Fig. 33 (a) - 33 (c) show the temperature profile in initial guess and optimal result of
Target ZnO pyroelectric sensor. At t = 0.1s, the temperature values of initial guess in case 1,
case 2, and case 3 are 300.783K, 300.841K, and 300.861K, respectively. After optimization,
at t=0.1s, the temperature values of optimal results are 300.964K, 300.964K, and 300.962K
correlative with case 1, case 2, and case 3, respectively. We can evidently see that the
47
temperature curves of the optimal result are also higher and more uniform than of the initial
guess in three cases.
In the next Fig. 34 (a) - 34 (c), it presents the temperature variation rate (dT/dt) profiles
of initial guess and optimal result. Here, the value of optimal result curve decreases from 0s to
0.3s, and after 0.3s, it starts converging to 0. In case 1, we show the comparison between the
result of the initial guess and the final result through the optimization process with the initial
guess condition, it is clear to see that the temperature variation rate is 7.83K at t = 0.1s, and
after the optimization, there has improved the temperature variation rate to 9.64K/s. In case 2,
it is apparently to see that the highest temperature variation rate is 8.41K/s at t = 0.1s in the
initial guess condition and the temperature variation rate has been raised to 9.64K / s when the
SCGM program finishes the convergence process. In case 3, the optimal result shows that at t
= 0.1s the temperature variation rate increase from 8.61K/s to 9.62K/s. Those results
obviously see that the temperature response of optimal results is faster than of initial guesses.

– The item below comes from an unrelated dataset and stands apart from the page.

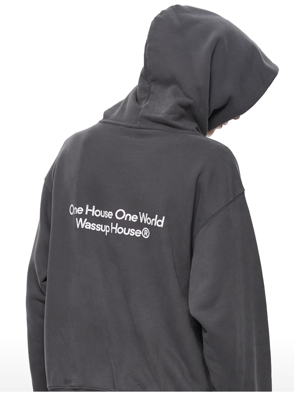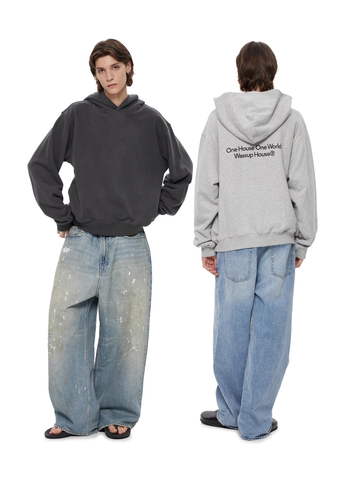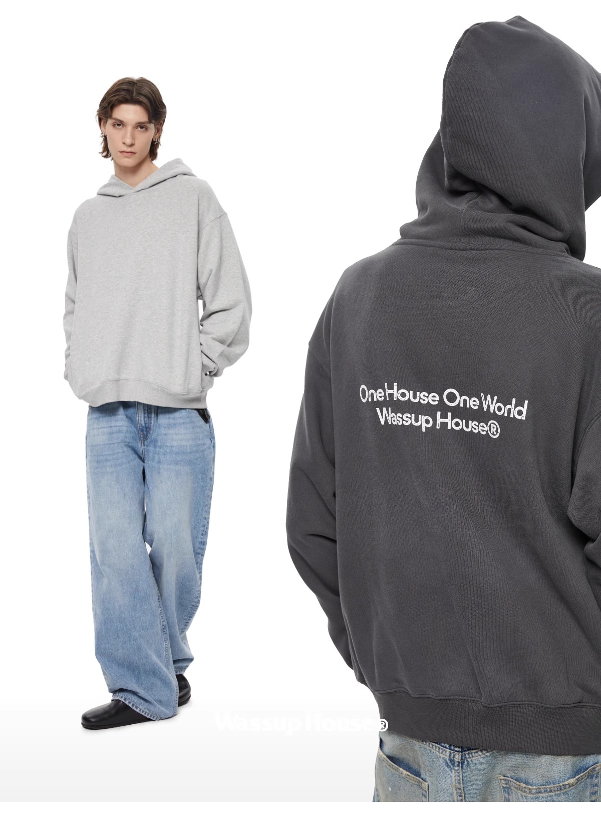 WassupHouse宽松短宽印花插袋连帽卫衣

On the other hand, the second order derivative of temperature d2T/dt2 is presented in Fig.
35 (a) - 35 (c). From case (a), (b) and (c), as can be seen, the second order derivative of
optimal results has the lower value than of initial guesses at 0s, but increase and get the
biggest value at 0.25s, where the slope of the optimal curves has the highest value from 0s to
0.1s. At 0.1s, the second order derivative of temperature of optimal result is bigger than of
initial guess in case 1, case 2 and case 3 are 34.71%, 24.21% and 20.48%. In the application
scope, the response speed is an important factor to verify the effect of film temperature sensor.
So, with the increase the second order derivative of temperature value as above in the interval
of response time from 0s to 0.1s, it proves that the dimension value of top electrode after
optimization process can improve the quality of the ZnO pyroelectric sensor in our study.
48
Fig. 36 (a) shows out the convergence of objective function in the optimization process.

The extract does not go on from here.